Land Trust News

Kelly Kountz Photo / Courtesy of Gallatin Valley Land Trust

Forced Access Bill Killed; Legislative Session Half Over

      Thanks to a strong and diverse coalition of landowners, land trusts, agricultural organizations, local government and outdoor recreation groups, the House Fish, Wildlife & Parks Committee voted 13-5 on Feb. 23 to table HB 352. The actual vote would have been 14-4 but one committee’s proxy vote was incorrectly voted.

     HB 352 would have required that any publicly funded conservation easement program – state, local or federal – provide recreational access that was “reasonable and possible” for “enjoyment” of the public.
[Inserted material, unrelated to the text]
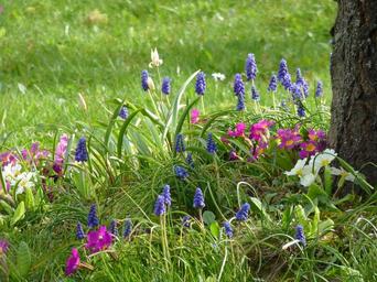 Keywords: spring flower meadow farmer boy primroses grape hyacinth beautiful colorful nature flowers early bloomer spring awakening spring flower pretty field of flowers plant

The bill sought to allow unfettered public access to private land, and would have undermined agricultural conservation and county open land programs.

     Defeat of HB 352 shows the strength of the land trust community, and the strength of the partnerships land trusts have with landowners, farm and ranch organizations, and outdoor recreation groups. MALT extends a heartfelt Thank You to everyone who participated in the effort to defeat to HB 352. 

     The first half of the 2021 Montana Legislative Session wraps up on March 3. All committee actions for the first half of the session ended on Feb. 27. HB 352 is not the only Montana legislative bill or bill draft MALT and the land trust advocacy team is working on. HB 471 would deny nonprofit organizations the ability to purchase 161 acres or more of private land. The bill draft is aimed at the American Prairie Reserve but would also impact many MALT member organizations. The bill was not advanced at the legislative transmittal break, but is expected to surface during the second half of the legislative session.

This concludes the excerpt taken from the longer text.